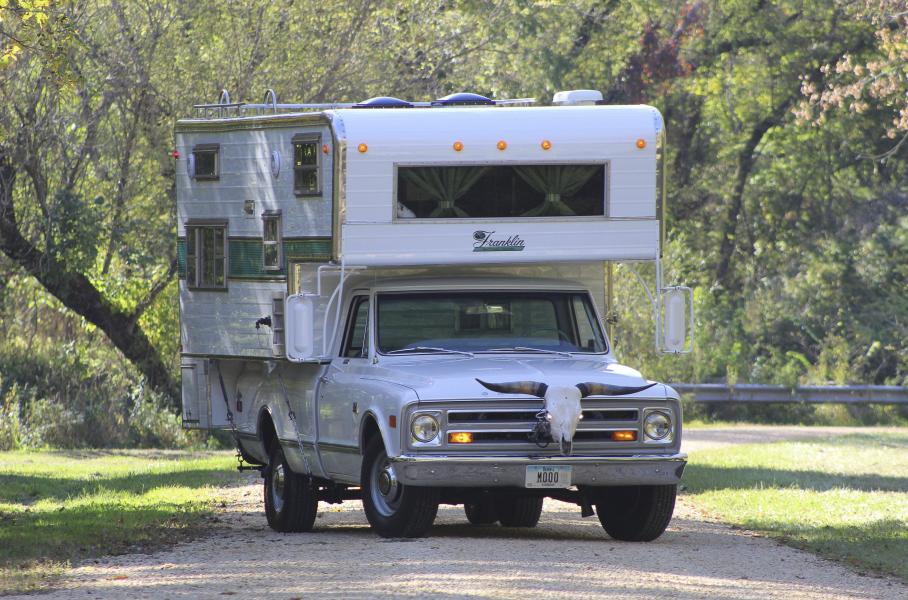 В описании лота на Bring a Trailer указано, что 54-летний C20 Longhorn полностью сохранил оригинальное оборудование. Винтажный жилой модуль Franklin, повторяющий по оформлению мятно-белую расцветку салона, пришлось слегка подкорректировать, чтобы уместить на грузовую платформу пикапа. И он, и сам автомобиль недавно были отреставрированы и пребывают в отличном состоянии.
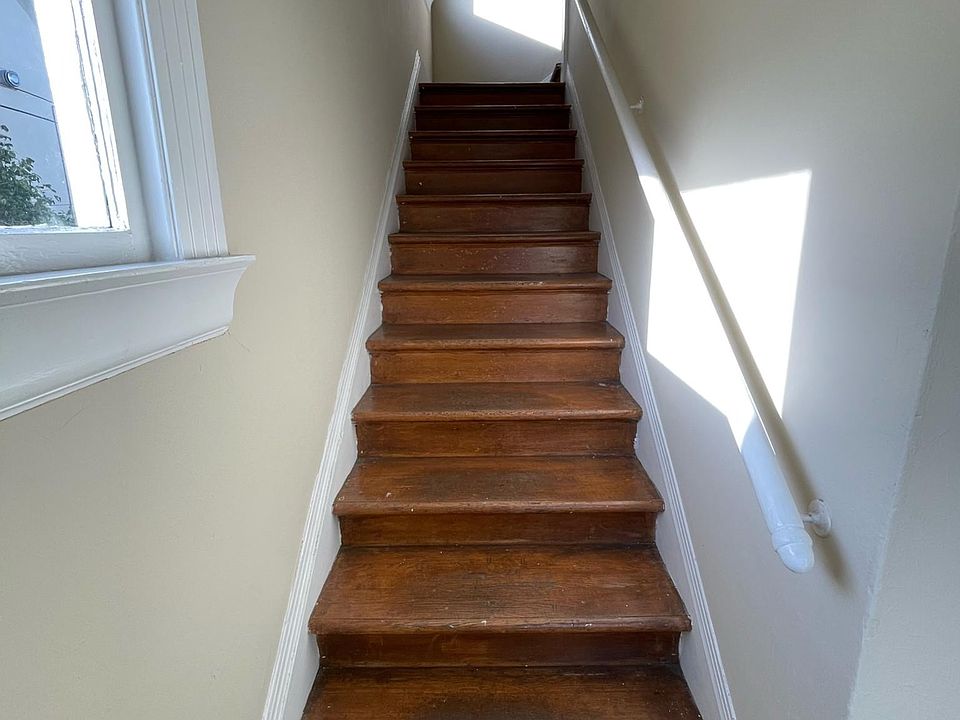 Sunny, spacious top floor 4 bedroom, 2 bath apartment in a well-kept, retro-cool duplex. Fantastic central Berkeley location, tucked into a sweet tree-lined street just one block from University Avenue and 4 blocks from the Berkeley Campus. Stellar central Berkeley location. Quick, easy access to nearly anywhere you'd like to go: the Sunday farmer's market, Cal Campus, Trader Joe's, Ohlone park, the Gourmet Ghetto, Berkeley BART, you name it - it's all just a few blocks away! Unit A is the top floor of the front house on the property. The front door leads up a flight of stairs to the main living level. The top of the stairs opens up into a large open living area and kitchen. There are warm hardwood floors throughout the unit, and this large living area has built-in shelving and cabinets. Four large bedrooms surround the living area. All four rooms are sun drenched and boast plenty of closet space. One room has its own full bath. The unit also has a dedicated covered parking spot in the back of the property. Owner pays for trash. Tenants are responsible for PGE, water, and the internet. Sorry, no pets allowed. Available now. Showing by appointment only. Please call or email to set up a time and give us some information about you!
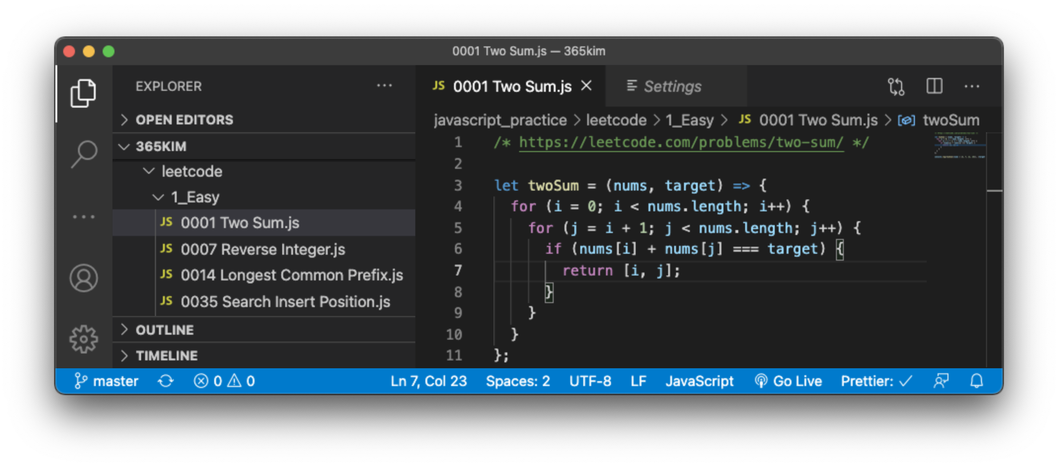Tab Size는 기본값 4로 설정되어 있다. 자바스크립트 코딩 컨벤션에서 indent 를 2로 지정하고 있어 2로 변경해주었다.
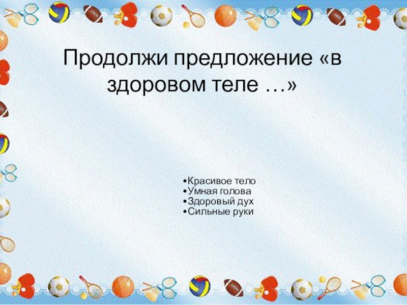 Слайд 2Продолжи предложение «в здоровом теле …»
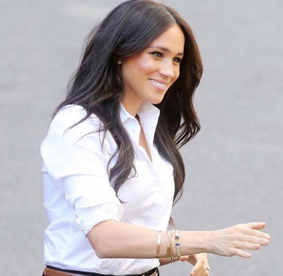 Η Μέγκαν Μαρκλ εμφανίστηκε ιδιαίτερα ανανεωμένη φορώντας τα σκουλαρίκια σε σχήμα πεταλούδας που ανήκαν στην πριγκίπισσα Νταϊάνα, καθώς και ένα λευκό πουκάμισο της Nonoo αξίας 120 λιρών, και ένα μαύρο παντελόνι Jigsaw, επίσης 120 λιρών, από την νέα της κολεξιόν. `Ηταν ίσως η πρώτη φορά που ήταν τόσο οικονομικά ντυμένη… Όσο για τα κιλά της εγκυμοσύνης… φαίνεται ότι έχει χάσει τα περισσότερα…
***
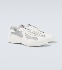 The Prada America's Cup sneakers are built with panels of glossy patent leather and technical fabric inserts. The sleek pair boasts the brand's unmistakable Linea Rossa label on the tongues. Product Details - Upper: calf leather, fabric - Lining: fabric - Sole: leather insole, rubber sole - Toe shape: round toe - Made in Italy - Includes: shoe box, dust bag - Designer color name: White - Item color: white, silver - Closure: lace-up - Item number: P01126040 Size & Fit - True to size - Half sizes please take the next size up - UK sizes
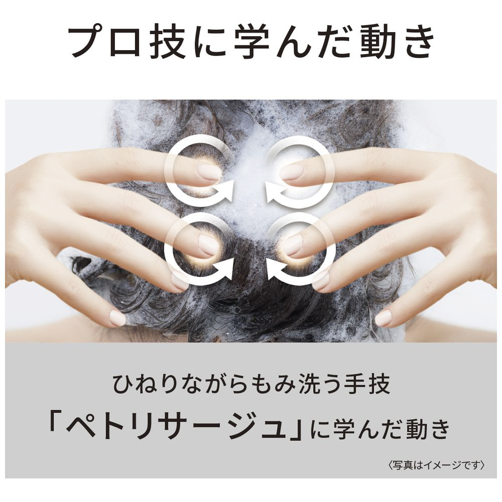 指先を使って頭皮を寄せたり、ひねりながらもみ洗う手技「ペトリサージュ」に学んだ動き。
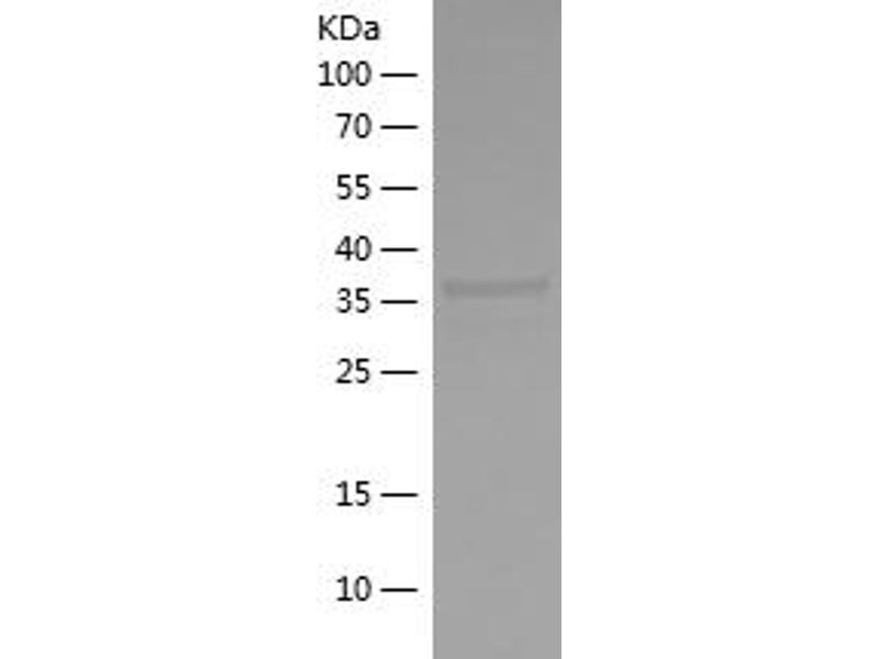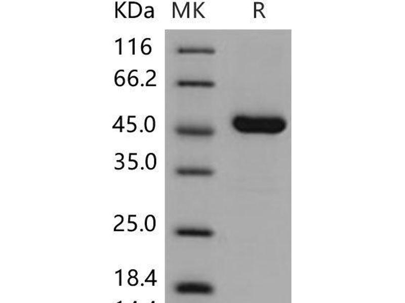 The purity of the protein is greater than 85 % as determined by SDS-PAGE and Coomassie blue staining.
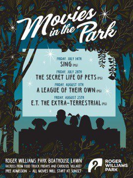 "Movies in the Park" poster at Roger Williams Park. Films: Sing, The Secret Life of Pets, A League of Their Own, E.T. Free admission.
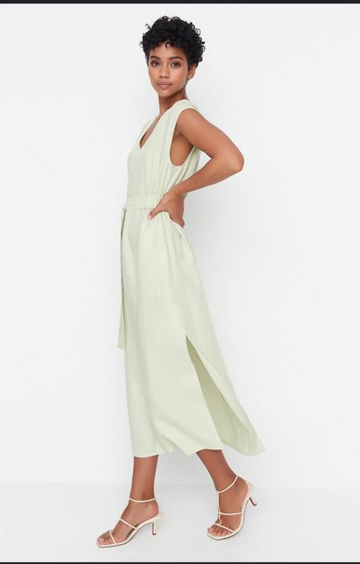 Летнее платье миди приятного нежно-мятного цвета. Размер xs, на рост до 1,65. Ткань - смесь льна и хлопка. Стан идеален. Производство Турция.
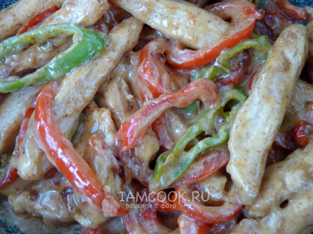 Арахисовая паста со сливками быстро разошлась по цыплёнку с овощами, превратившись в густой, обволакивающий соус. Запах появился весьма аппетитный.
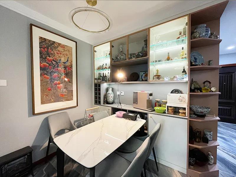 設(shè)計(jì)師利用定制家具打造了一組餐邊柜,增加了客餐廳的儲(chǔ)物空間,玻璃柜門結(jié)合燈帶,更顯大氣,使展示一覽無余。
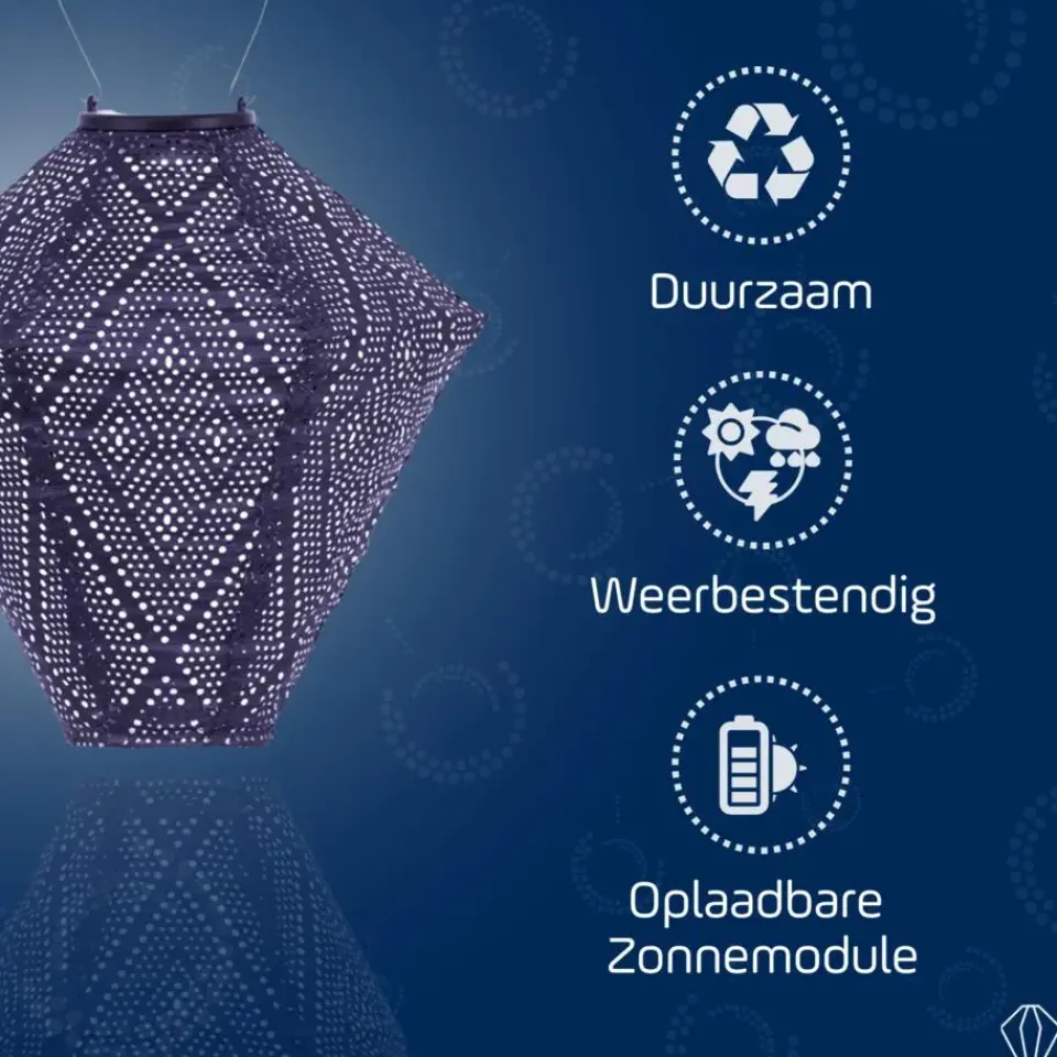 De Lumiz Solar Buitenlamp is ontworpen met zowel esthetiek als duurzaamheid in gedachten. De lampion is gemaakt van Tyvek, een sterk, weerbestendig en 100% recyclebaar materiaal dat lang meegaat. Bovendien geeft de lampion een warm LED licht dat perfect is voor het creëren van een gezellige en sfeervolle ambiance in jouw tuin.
***
## EXERCISE INSTRUCTIONS
Return only the part above that opens with the line containing "Tab Size는 기본값" and closes with the line containing "Η Μέγκαν Μαρκλ", exactly and with both ends, skipping the pictures.

## EXPECTED ANSWER
Tab Size는 기본값 4로 설정되어 있다. 자바스크립트 코딩 컨벤션에서 indent 를 2로 지정하고 있어 2로 변경해주었다.
 Слайд 2Продолжи предложение «в здоровом теле …»
 Η Μέγκαν Μαρκλ εμφανίστηκε ιδιαίτερα ανανεωμένη φορώντας τα σκουλαρίκια σε σχήμα πεταλούδας που ανήκαν στην πριγκίπισσα Νταϊάνα, καθώς και ένα λευκό πουκάμισο της Nonoo αξίας 120 λιρών, και ένα μαύρο παντελόνι Jigsaw, επίσης 120 λιρών, από την νέα της κολεξιόν. `Ηταν ίσως η πρώτη φορά που ήταν τόσο οικονομικά ντυμένη… Όσο για τα κιλά της εγκυμοσύνης… φαίνεται ότι έχει χάσει τα περισσότερα…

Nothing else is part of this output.